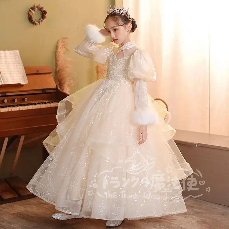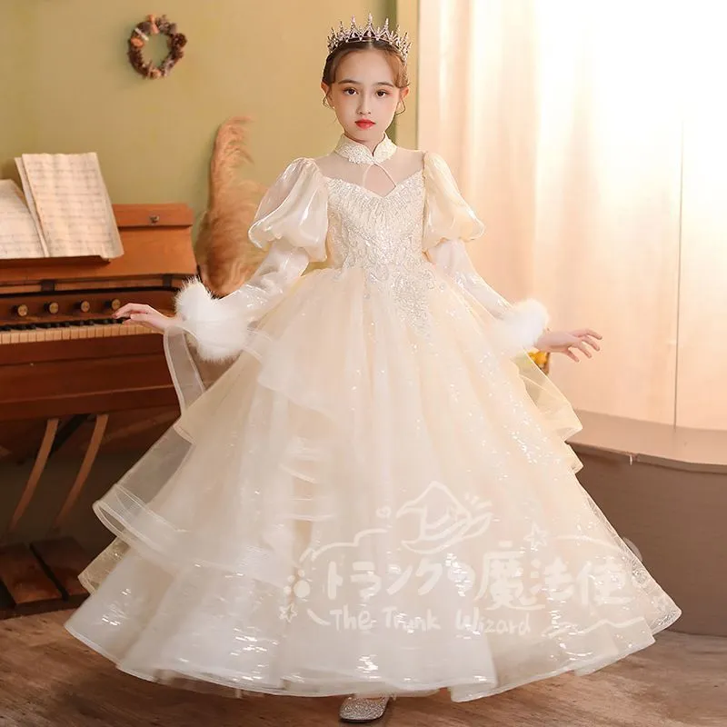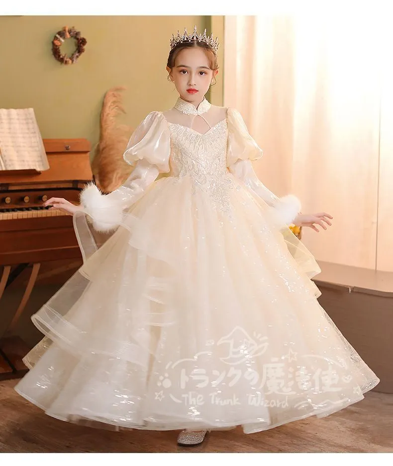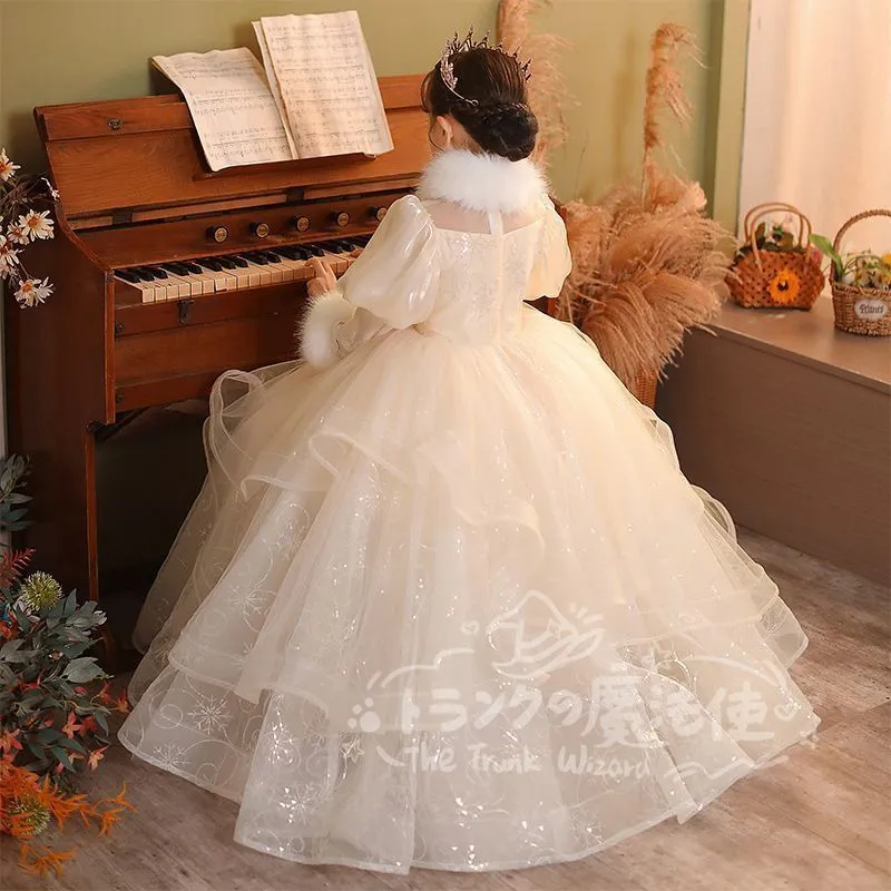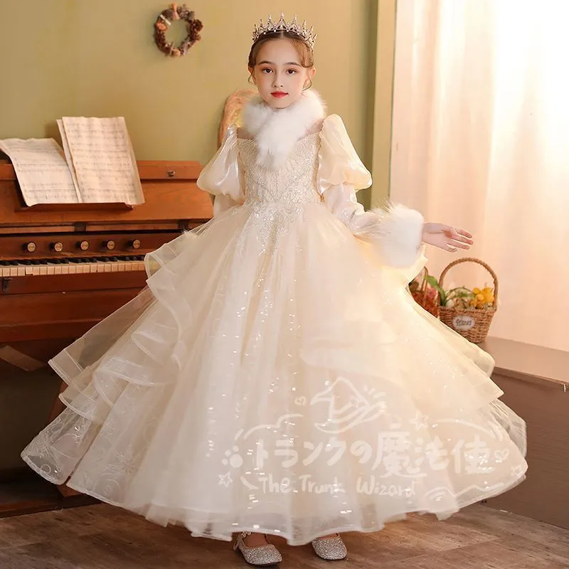 ロングドレス マフラー付き 秋冬 フォーマル 子供 ドレス 女の子 キッズ ピアノ 発表会 演奏会 ドレス フォーマルワンピース パーディー ドレス 上品 エレガント ジュニア ドレス
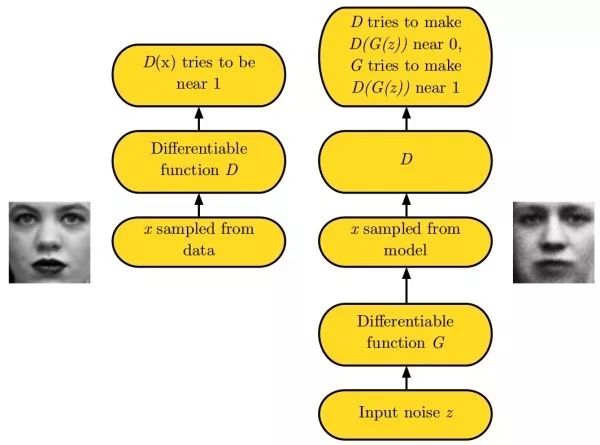 生成式对抗网络(generative adversarial networks, GAN)由于学习数据分布十分困难,生成式对抗网络绕开这一步骤,直接生成新的图像。生成式对抗网络使用一个生成网络G从随机噪声中生成图像,以及一个判别网络D判断其输入图像是真实/伪造图像。在训练时,判别网络D的目标是能判断真实/伪造图像,而生成网络G的目标是使得判别网络D倾向于判断其输出是真实图像。实际中,直接训练生成式对抗网络会遇到mode collapse问题,即生成式对抗网络无法学到完整的数据分布。随后,出现了LS-GAN和W-GAN的改进。和变分自编码器相比,生成式对抗网络的细节信息更好。以下链接整理了许多和生成式对抗网络有关的论文:hindupuravinash/the-gan-zoo。以下链接整理了许多训练生成式对抗网络的其技巧:soumith/ganhacks。
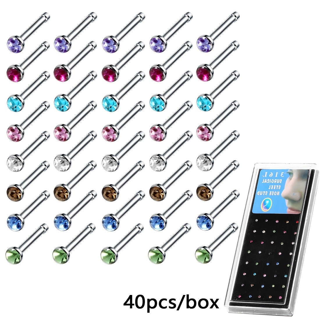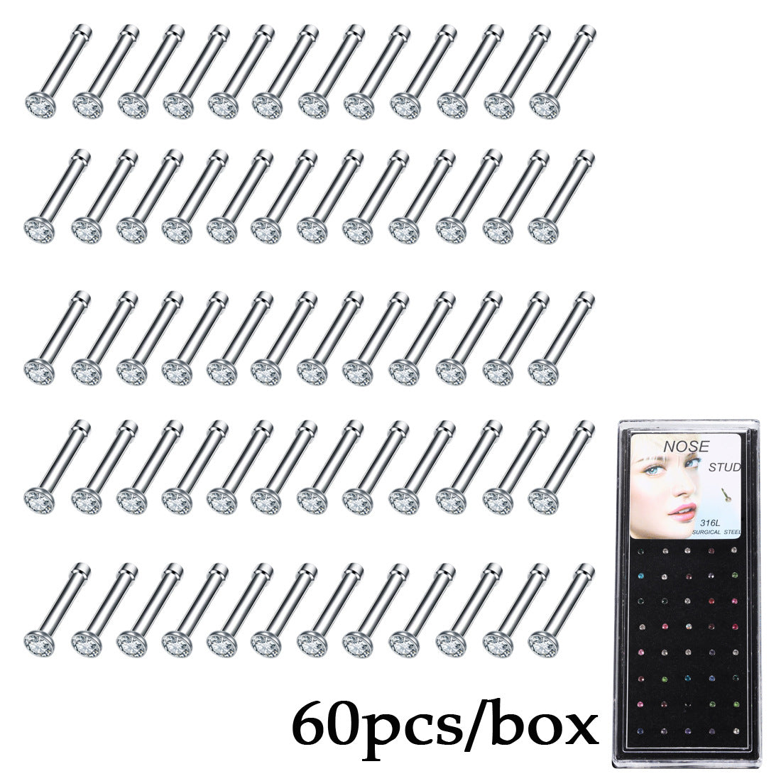 Get a set of stainless steel nose studs featuring a straight rod design with zicron studs. Available in sets of 24, 40, or 60 pieces to mix and match for a variety of styles.
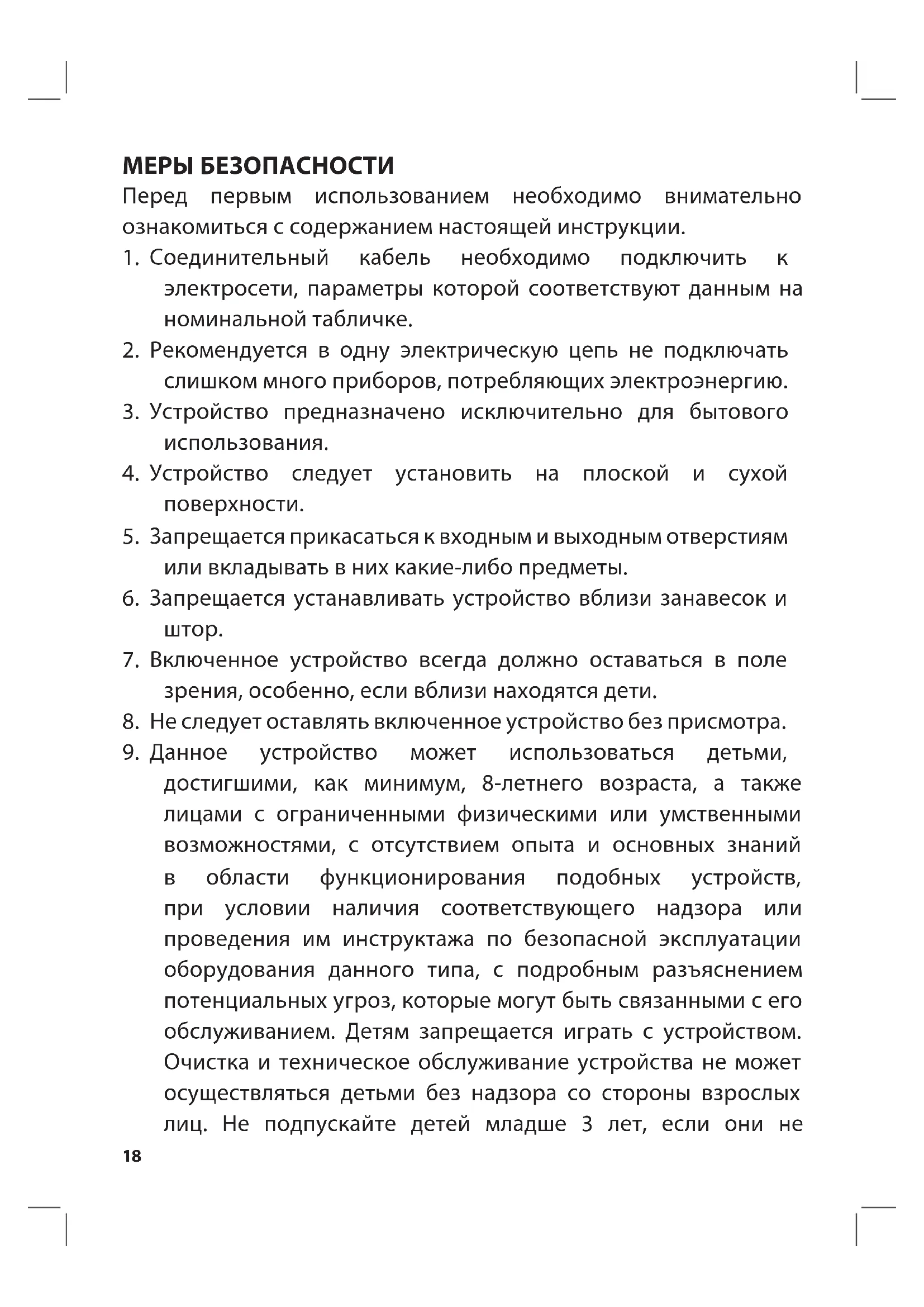 8. Не следует оставлять включенное устройство без присмотра.
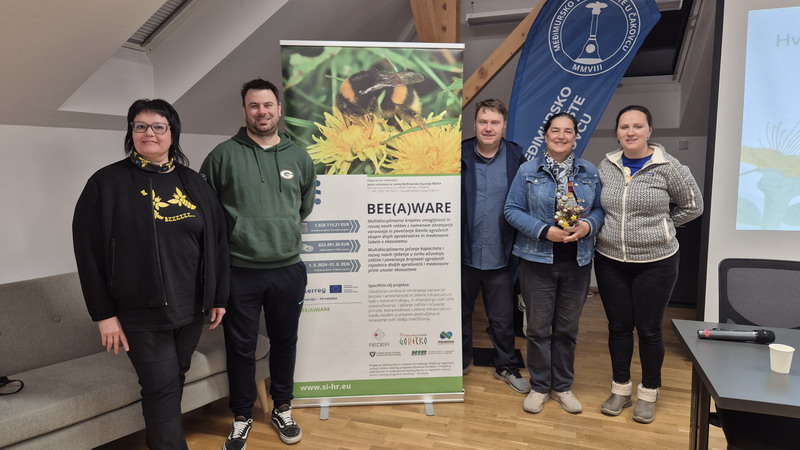 Predavanje je sufinancirano iz projekta „Multidisciplinarno jačanje kapaciteta i razvoj novih rješenja u svrhu očuvanja, zaštite, i povećanja brojnosti ugroženih zajednica divljih oprašivača i medonosne pčele unutar ekosustava“, akronima BEE(A)WARE, sredstvima EFRR-a putem Interreg programa Slovenija – Hrvatska 2021-2027.
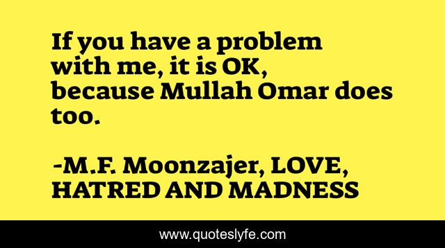 This page presents the quote "If you have a problem with me, it is OK, because Mullah Omar does too.". Author of this quote is M.F. Moonzajer, LOVE, HATRED AND MADNESS. This quote is about afghanistan, funny, joke, taliban, mullah-omar, problem, comedy,.
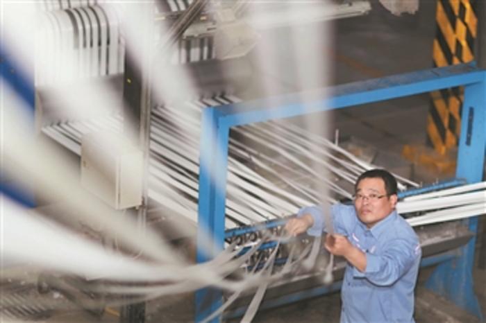 1月1日,天津石化化工部纺丝车间,当班职工正在对生产的短丝质量进行检查。董波 摄
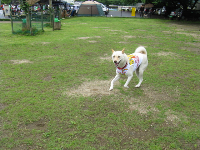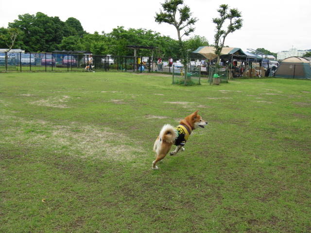 こんなに広い芝生のドッグラン、遊んでるのは空グループだけ!3ワンの貸切りでした~
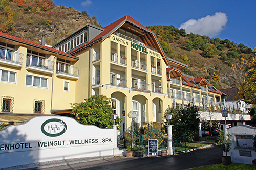 Einst ein kleines Gästehaus, zeigt sich das Gartenhotel und Weingut der Familie Pfeffel heute als innovativer, ganzjährig geöffneter Vier-Sterne- Betrieb. Seine Lage gleich neben Dürnstein, die Erzeugnisse aus eigener Landwirtschaft und dem Weingut, höchster Komfort mit künstlerischer Note und nicht zuletzt seine Gastfreundschaft machen aus „dem Pfeffel“ eine der ersten Adressen der Wachau. Leopold Pfeffel hat mit vier Zimmern begonnen, heute kann das großzügig-gemütliche Gartenhotel auf 120 Betten verweisen. Schon die Lage des Hotels mit Blick auf die Donau ist privilegiert, und auch die Gäste selbst könnten besser sich nicht betten: „Steinfeder“, „Federspiel“ oder gar „Smaragd“ – die Zimmer tragen nicht nur die Namen von Wachauer Weinen und Lagen, sie sind auch das beste Beispiel für Wachauer Gastfreundschaft.
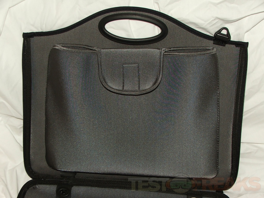 The GridIt system is above the laptop sleeve, but it’s more versatile than the one that was in the netbook case as it features two pockets on the back of it.
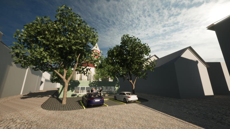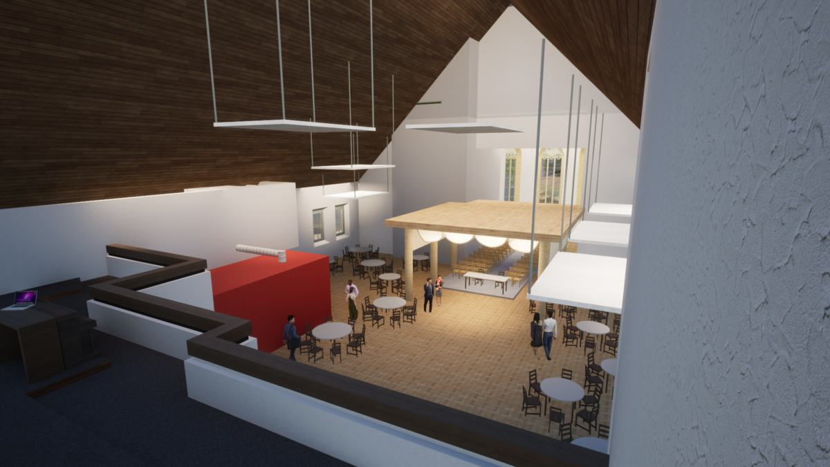 Die Kirche wird als Eventlocation für Hochzeiten und weitere Event umgebaut. Dabei gilt es den denkmalgeschützten Bestand zu wahren. Auf dem Östlichen Parkplatz wird ein Neubau errichtet, welcher in direkter Nutzung zum Bestand steht.
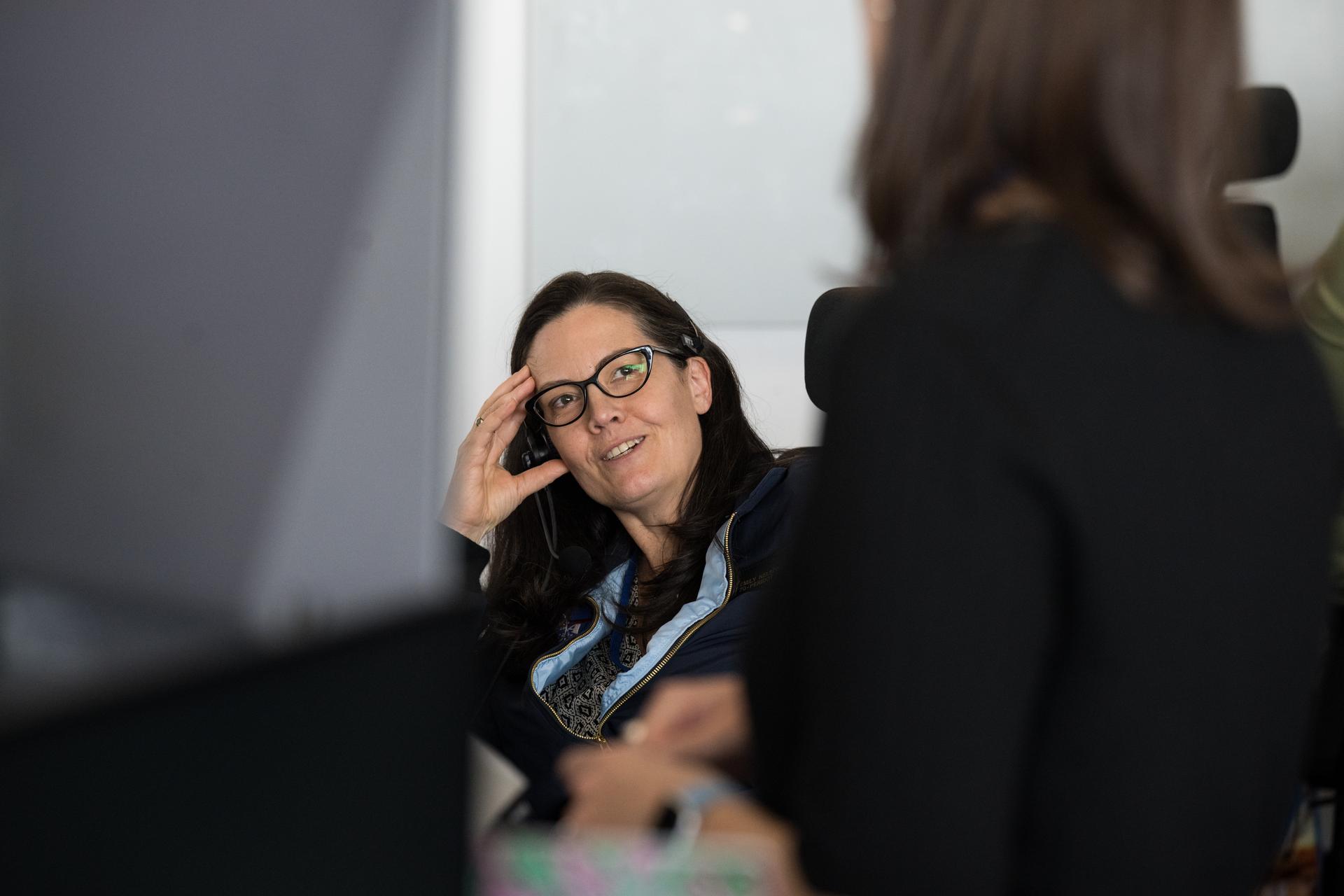 NASA's chief flight director, Emily Nelson, monitors the countdown during a dress rehearsal in preparation for the launch of a SpaceX Falcon 9 rocket carrying the company's Dragon spacecraft on NASA’s SpaceX Crew-10 mission with NASA astronauts Anne McClain and Nichole Ayers, JAXA (Japan Aerospace Exploration Agency) astronaut Takuya Onishi, and Roscosmos cosmonaut Kirill Peskov onboard, Sunday, March 9, 2025, in the control room of SpaceX’s HangarX at NASA’s Kennedy Space Center in Florida. NASA’s SpaceX Crew-10 mission is the tenth crew rotation mission of the SpaceX Dragon spacecraft and Falcon 9 rocket to the International Space Station as part of the agency’s Commercial Crew Program. McClain, Ayers, Onishi, and Peskov are scheduled to launch at 7:48 p.m. EDT on Wednesday, March 12, from Launch Complex 39A at the NASA's Kennedy Space Center. Photo Credit: (NASA/Aubrey Gemignani)

******

▶ _WHAT YOU ARE ASKED TO DO_: Output exactly those lines of the data above that run from the line with "The GridIt system" up to and including the line with "Die Kirche wird". No pictures go in.

▶ _REPLY TO THE EXERCISE_:
 The GridIt system is above the laptop sleeve, but it’s more versatile than the one that was in the netbook case as it features two pockets on the back of it.
 Die Kirche wird als Eventlocation für Hochzeiten und weitere Event umgebaut. Dabei gilt es den denkmalgeschützten Bestand zu wahren. Auf dem Östlichen Parkplatz wird ein Neubau errichtet, welcher in direkter Nutzung zum Bestand steht.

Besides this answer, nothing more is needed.